- Available data
Content starts

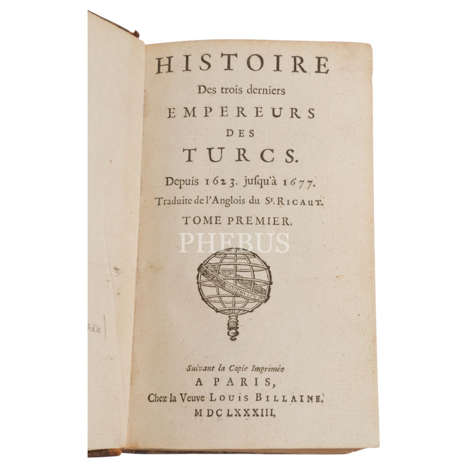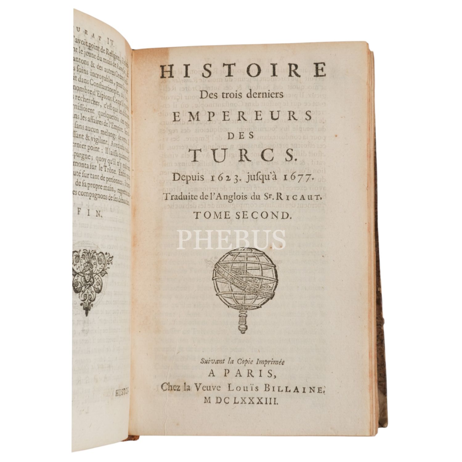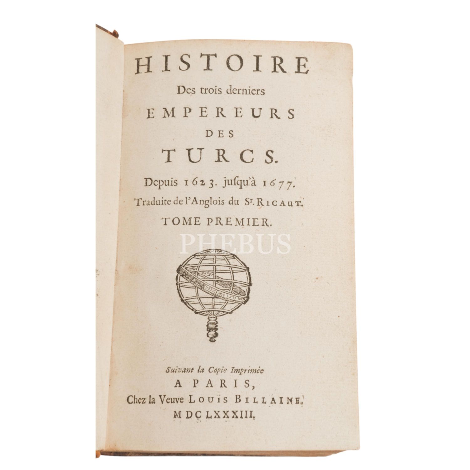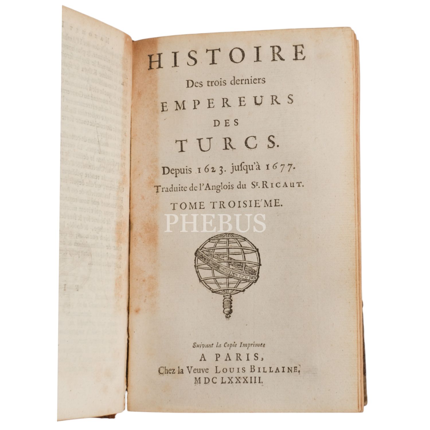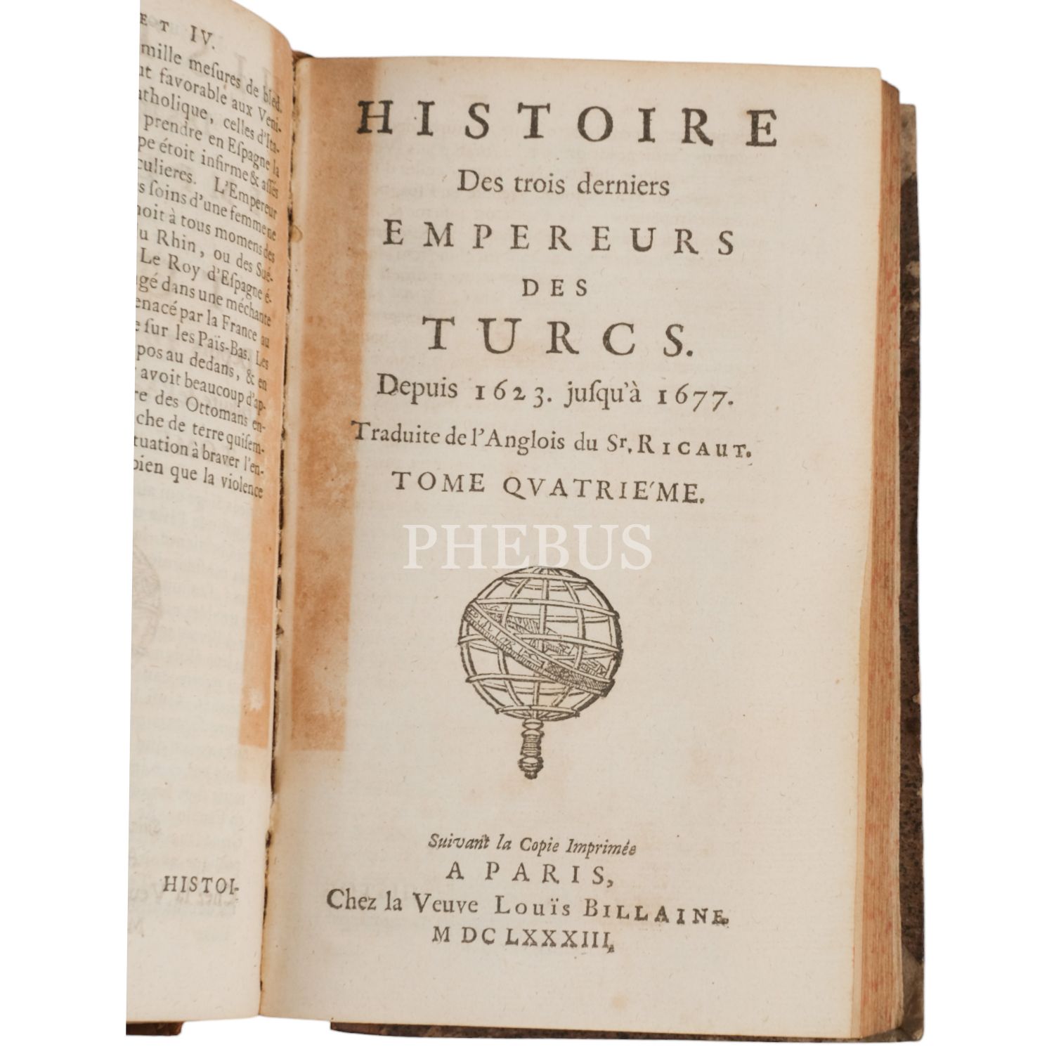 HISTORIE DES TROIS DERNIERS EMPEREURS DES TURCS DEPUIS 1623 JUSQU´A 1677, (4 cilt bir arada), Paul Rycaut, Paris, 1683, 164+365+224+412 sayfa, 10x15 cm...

Content ends
Content starts

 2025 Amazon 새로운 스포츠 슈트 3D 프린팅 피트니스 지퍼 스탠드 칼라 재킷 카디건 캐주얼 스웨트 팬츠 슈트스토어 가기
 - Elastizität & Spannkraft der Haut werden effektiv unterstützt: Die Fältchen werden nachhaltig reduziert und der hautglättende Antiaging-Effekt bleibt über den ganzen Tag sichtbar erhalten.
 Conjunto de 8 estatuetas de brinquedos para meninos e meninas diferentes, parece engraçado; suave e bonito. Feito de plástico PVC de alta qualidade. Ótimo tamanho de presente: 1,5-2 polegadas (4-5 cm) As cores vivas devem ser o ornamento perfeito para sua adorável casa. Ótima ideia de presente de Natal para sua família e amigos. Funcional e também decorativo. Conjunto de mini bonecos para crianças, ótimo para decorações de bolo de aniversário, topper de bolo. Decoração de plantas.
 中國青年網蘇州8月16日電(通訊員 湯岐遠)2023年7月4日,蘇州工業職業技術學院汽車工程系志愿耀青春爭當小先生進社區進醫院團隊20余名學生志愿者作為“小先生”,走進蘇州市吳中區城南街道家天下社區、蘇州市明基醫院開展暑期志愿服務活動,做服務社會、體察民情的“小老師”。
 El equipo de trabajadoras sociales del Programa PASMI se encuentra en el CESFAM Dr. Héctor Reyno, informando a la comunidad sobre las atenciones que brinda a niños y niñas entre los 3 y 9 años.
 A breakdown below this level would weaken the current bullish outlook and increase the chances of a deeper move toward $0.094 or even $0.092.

Content ends
Content starts

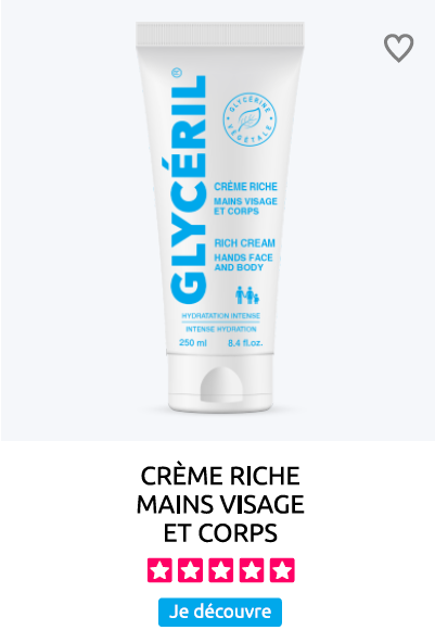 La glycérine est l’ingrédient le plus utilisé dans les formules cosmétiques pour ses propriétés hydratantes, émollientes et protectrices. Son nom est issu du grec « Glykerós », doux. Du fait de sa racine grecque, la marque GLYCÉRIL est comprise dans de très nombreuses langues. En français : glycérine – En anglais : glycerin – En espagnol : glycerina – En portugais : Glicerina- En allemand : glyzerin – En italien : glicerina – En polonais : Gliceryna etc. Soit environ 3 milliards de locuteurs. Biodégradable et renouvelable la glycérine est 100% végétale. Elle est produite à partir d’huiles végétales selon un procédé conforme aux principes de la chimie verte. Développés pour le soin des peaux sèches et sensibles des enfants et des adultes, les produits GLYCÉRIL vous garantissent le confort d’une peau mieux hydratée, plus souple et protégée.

Content ends

- Problem description
The answer is the run of lines above from the line containing "- Elastizität &" through the line containing "A breakdown below", copied exactly and alone.

- Exercise result
 - Elastizität & Spannkraft der Haut werden effektiv unterstützt: Die Fältchen werden nachhaltig reduziert und der hautglättende Antiaging-Effekt bleibt über den ganzen Tag sichtbar erhalten.
 Conjunto de 8 estatuetas de brinquedos para meninos e meninas diferentes, parece engraçado; suave e bonito. Feito de plástico PVC de alta qualidade. Ótimo tamanho de presente: 1,5-2 polegadas (4-5 cm) As cores vivas devem ser o ornamento perfeito para sua adorável casa. Ótima ideia de presente de Natal para sua família e amigos. Funcional e também decorativo. Conjunto de mini bonecos para crianças, ótimo para decorações de bolo de aniversário, topper de bolo. Decoração de plantas.
 中國青年網蘇州8月16日電(通訊員 湯岐遠)2023年7月4日,蘇州工業職業技術學院汽車工程系志愿耀青春爭當小先生進社區進醫院團隊20余名學生志愿者作為“小先生”,走進蘇州市吳中區城南街道家天下社區、蘇州市明基醫院開展暑期志愿服務活動,做服務社會、體察民情的“小老師”。
 El equipo de trabajadoras sociales del Programa PASMI se encuentra en el CESFAM Dr. Héctor Reyno, informando a la comunidad sobre las atenciones que brinda a niños y niñas entre los 3 y 9 años.
 A breakdown below this level would weaken the current bullish outlook and increase the chances of a deeper move toward $0.094 or even $0.092.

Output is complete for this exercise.